Невоенные средства «силового противоборства»

Риски, издержки и неясные перспективы и последствия ведения современных войн – характерная черта использования военной силы, хотя объективно, как писал видный русский военный теоретик А.Е. Снесарев, «другого цемента для сколачивания государства нет, кроме человеческой крови»[1]. Но этот «цемент» в нашем веке оказывается многократно дороже и многократно менее привлекательным, чем другие политические средства насилия: вторжение США в Ирак, например, только в первые годы обошлось США в 1200 млрд долларов, а иракцам – более, чем в 1 млн жизней. Можно предположить, что за такую цену можно было бы добиться более значимых результатов в этом регионе. Поэтому в ХХI веке в целом не только политики, но и военные теоретики пришли к пониманию того, что эффективность внешней политики начинает, в возрастающей степени, зависеть уже не только (и даже не столько) от военных факторов, но и других силовых инструментов, а также избранной стратегии (эффективности государственного управления)[2]. Это по-новому ставит перед государственным управлением России задачи адекватного, «нелинейного», несимметричного, реагирования на внешние вызовы, которое относится в большей степени не к прямому силовому противоборству, а эффективности управления[3]. Можно предположить, что когда В.В. Путин периодически говорит о «несимметричном» ответе на новые вызовы, он имеет в виду именно такие ответы на уровне эффективного управления, а не прямого военного противодействия.

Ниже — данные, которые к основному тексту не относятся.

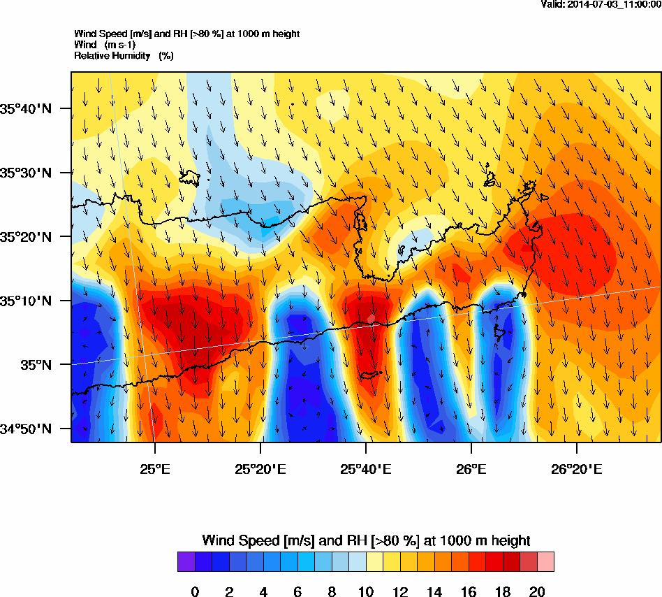 Graph 3: arw043.png - Wind Speed [m/s] and RH [>80%] at 1000 m height

Это явление особенно заметно на примере США, где происходит неизбежное усиление активности внешней и силовой политики в мире (что неизбежно ведёт к тому, что на ряде направлений военные опасности усиливаются), а рост военного могущества[4] западной военно-политической коалиции отстает от роста относительного военного могущества[5] других стран. Подобный «перекос» в пользу силовых (но не только и даже не столько военных) инструментов проявляется, в частности, в поиске расширения спектра средств силовой политики, вычленении самых приоритетных, которые рассматриваются с точки зрения эффективности влияния, например, экспертами РЭНД, как наиболее важные. Так, давление Д. Трампа и угрозы повышения таможенных пошлин в 2019 году привели к фактической капитуляции сначала КНР, а затем и Мексики, развалу ТТП и ТАП, шантажу ВТС с Турцией из-за закупок С-400, угрозам компаниям, участвующим в строительстве «Северного потока-2».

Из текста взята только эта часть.